• ASSIGNMENT: Write the lines out again, from the top of the material to the line containing "宮之原由衣さんの天運は23画の5点!", pictures excluded.
*** Opening DATA PROVIDED ***
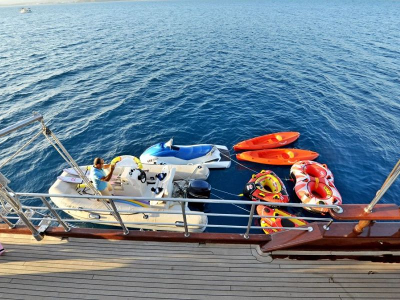 В Siniy Kruiz все лодки имеют служебную лодку, любительское рыболовное снаряжение, игральные карты, черные окорки, ласты, трубку и маски. Лодки категории Deluxe также имеют водные лыжи, гидроцикл, банан и виндсерфинг; Вы можете использовать их, заплатив только дополнительное топливо. Мы также можем организовать различные водные виды спорта в центрах водных видов спорта.
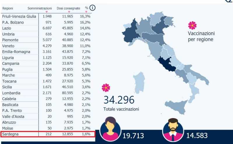 C'è, però, da accelerare. Secondo il report dell'autorità commissariale la Sardegna è ultima nella classifica delle regioni per la somministrazione del vaccino: sono state iniettate solo 212 sulle 12.855 a disposizione. L'1,6%, la percentuale più bassa d'Italia.
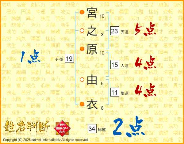 宮之原由衣さんの天運は23画の5点!
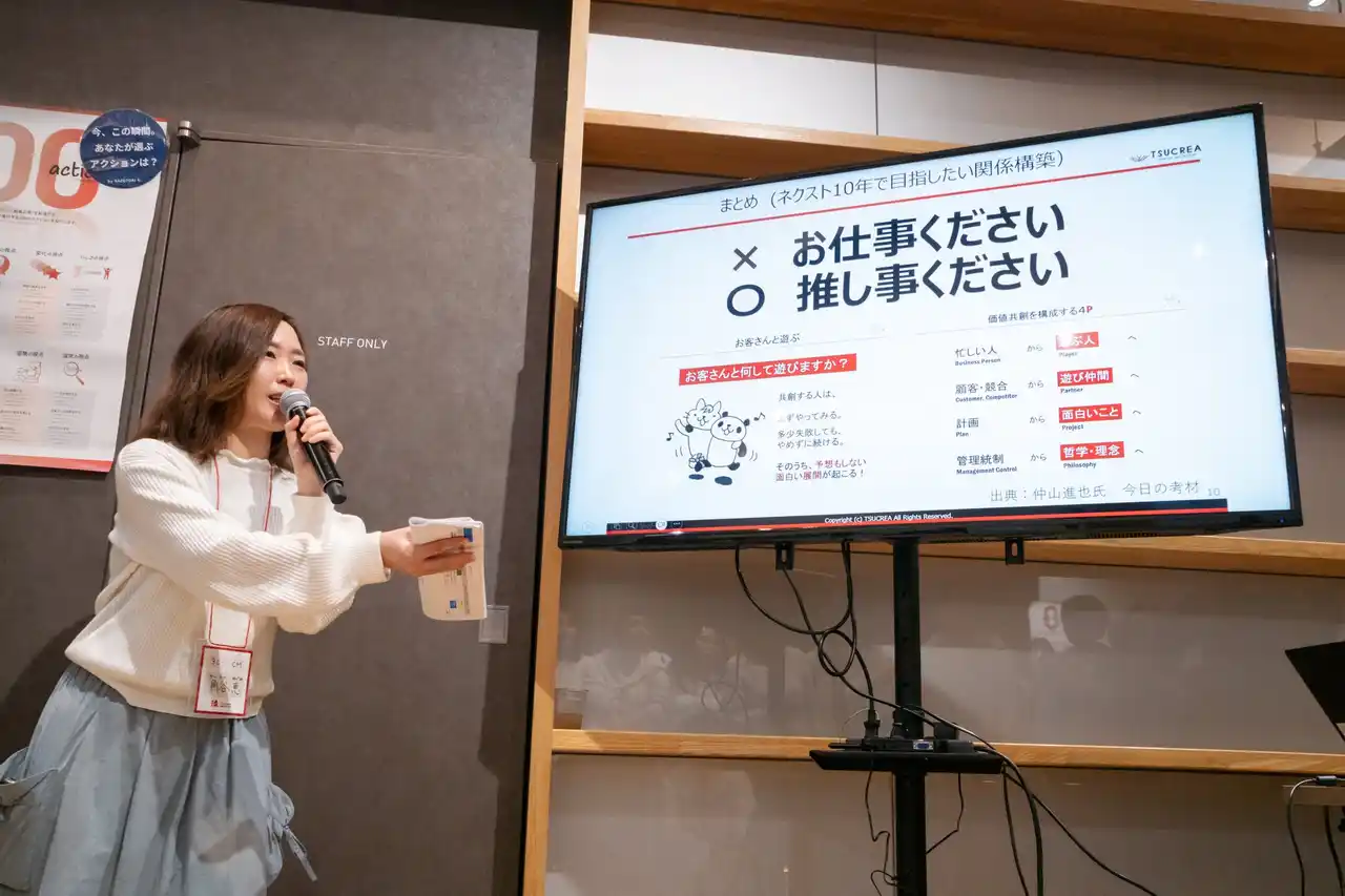 続く交流パートでは、クイズ企画や「なるほど the ツクリエ」、社員によるピッチコンテストなどの参加型コンテンツを実施。軽食や飲み物を囲みながら、仕事の枠を越えた対話が自然と生まれ、普段は接点の少ない社員同士がゆるやかに交流する場となりました。 |
*** Closing DATA PROVIDED ***
• REPLY TO THE EXERCISE:
 В Siniy Kruiz все лодки имеют служебную лодку, любительское рыболовное снаряжение, игральные карты, черные окорки, ласты, трубку и маски. Лодки категории Deluxe также имеют водные лыжи, гидроцикл, банан и виндсерфинг; Вы можете использовать их, заплатив только дополнительное топливо. Мы также можем организовать различные водные виды спорта в центрах водных видов спорта.
 C'è, però, da accelerare. Secondo il report dell'autorità commissariale la Sardegna è ultima nella classifica delle regioni per la somministrazione del vaccino: sono state iniettate solo 212 sulle 12.855 a disposizione. L'1,6%, la percentuale più bassa d'Italia.
 宮之原由衣さんの天運は23画の5点!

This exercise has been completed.